実務における「なぜそのルールが必要なのか」という理由を理解していれば、迷わず選択肢を絞り込むことができます。特に、他管との接触事故を防ぐ離隔距離や、地形による水圧の変化といった現場のイメージと数値を結びつけておくことが重要です。
それでは、それぞれの空欄に入る正しい語句と、その理由を一つずつ確認していきましょう。
(ア)
「サンドブラスト現象」とは、給水管から勢いよく吹き出した水が、周囲の土砂を巻き込んで、隣にあるガス管や下水管などをヤスリのように激しく削ってしまう現象のことです。
もし配管同士の距離が近すぎると、一箇所の水漏れが原因で周囲のインフラまで一気に破壊してしまう二次災害を招きます。そのため、給水装置工事の指針では、お互いの管を守るための安全なスペースとして、他の埋設管との間に原則「30cm以上」の離隔距離を設けるよう定めています。
(イ)
水道用ポリエチレン二層管(1種)は柔軟性があるため、エルボなどの継手を使わずに緩やかに曲げて配管することができます。しかし、いくら柔らかいからといって無理にきつく曲げすぎると、管が潰れて水の通り道が狭くなったり、外側に過度な引っ張り応力がかかって将来的な亀裂や漏水の原因になったりします。
そのため、管の寿命や安全性を十分に確保するための基準として、曲げ半径は「管の外径の25倍以上」と定められています。これだけ大きなゆとりを持たせて、なだらかにカーブさせるのが鉄則です。
(ウ)
硬質ポリ塩化ビニル管の「RR継手」は、受口のゴムパッキンにパイプを差し込んで繋ぐ構造です。
接着剤で固めないため、温度変化による管の伸び縮みを吸収できるメリットがあります。
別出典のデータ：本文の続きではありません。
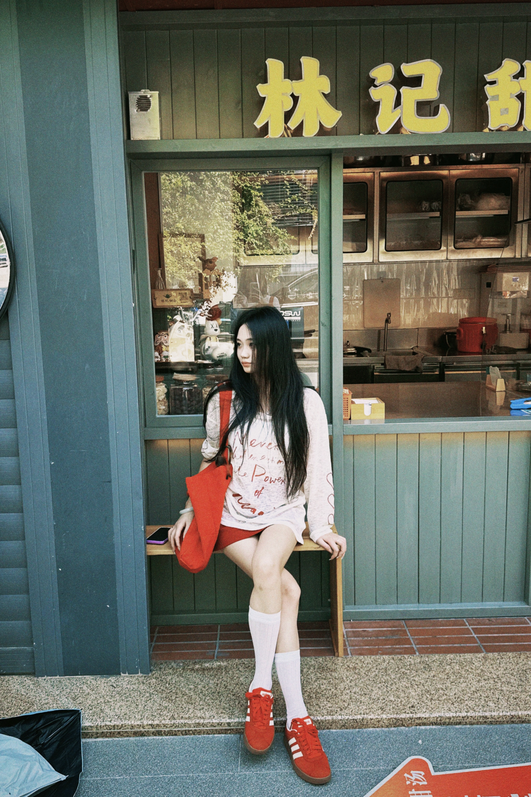 多巴胺的一天👣 这一套搭红色包包真的好出片!! 拍照位置很多,都可以出片~
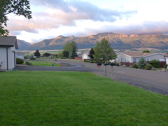 3BR 2BA Mfg. home on nicely landscaped lot. Move in ready, clean and well cared for. Certified wood stove in the living room. Cover front porch with stunning view of the mountains. Fenced back yard. Underground sprinklers. Kitchen is plumbed for propane range.
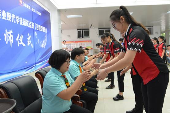老员工收新弟子,大学生当小学徒,这件传统而又新奇的事情就发生在我校。5月18日,校企双方在学术楼举行了一场庄重的签约暨拜师仪式。中国连锁餐饮排名第一的百胜餐饮有限公司和学校签订合作办学协议,学校、百胜、学生签订了现代学徒制试点“三方协议”。学校向百胜的员工代表颁发了“企业导师”聘书。来自现代学徒制试点班——商学院2016级“百胜经理班”的学生向百胜师傅代表躬行“拜师礼”,正式成为百胜“学徒”员工。
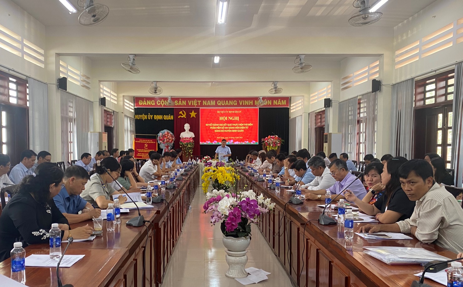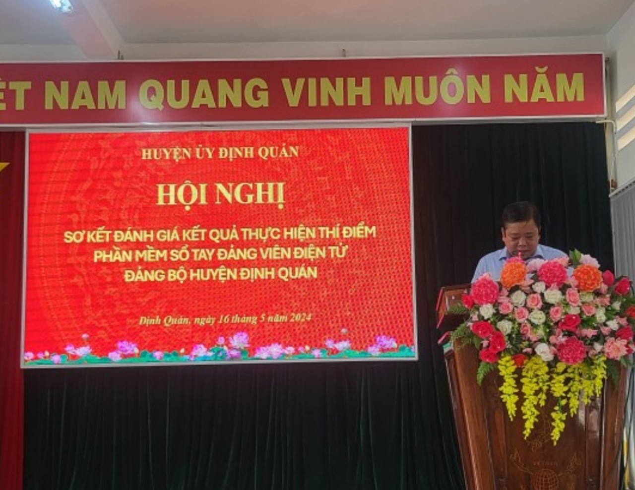 Sáng ngày 16/5/2024, Ban Thường vụ Huyện ủy Định Quán tổ chức Hội nghị sơ kết đánh giá kết quả thực hiện thí điểm phần mềm Sổ tay ĐVĐT tại Đảng bộ huyện Định Quán. Cùng dự hội nghị có các đồng chí đại diện lãnh đạo phòng chuyên môn của Ban Tổ chức Tỉnh ủy, Ủy viên Ban Thường vụ Huyện ủy, Ủy viên Ban Chấp hành Đảng bộ huyện; đại diện lãnh đạo các ban đảng, Văn phòng huyện ủy, các cơ quan, ban, ngành, đoàn thể huyện và các đồng chí là bí thư, phó bí thư các chi, đảng bộ ở cơ sở.

しかし、その反面ただ差し込んであるだけなので、高い水圧やウォーターハンマー(水撃作用)による強い衝撃を受けると、その勢いで接合部がスポンと抜けてしまう(離脱する)弱点があります。
そのため、水圧がかかりやすい曲がり角などでは、あらかじめ抜けないように固定する対策が必要です。
(エ)
なぜ配水管の位置に対して「低い」箇所で高水圧になるのか、その理由は「水の重さ(位置エネルギー)」が原因です。
水は高いところから低いところへ流れるとき、高低差(落差)が大きければ大きいほど、下へ向かって強い圧力がかかります。
イメージとしては、高層マンションの1階を想像してみてください。上の階にたまっている水の重みが、すべて下の階にドスンと乗っかってくるため、1階の蛇口ほどものすごい勢いで水が飛び出そうとしますよね。
これと同じ現象が、街の配管(配水管)と住宅の給水装置の間でも起こります。配水管よりも「著しく低い場所」にある給水装置には、上にある水の重みがすべて圧力としてのしかかるため、高水圧が生じてしまうのです。
この問題は、給水管の安全を守るための具体的な基準値と、トラブルを防ぐための施工や地形の知識を問う内容です。
試験対策としては、サンドブラスト防止の30cm、無理のないカーブのための25倍、差し込むだけなので抜けやすいRR継手、そして水の重みで圧力がかかる低い箇所というように、現場の物理的なイメージと数値をセットで記憶に定着させておきましょう。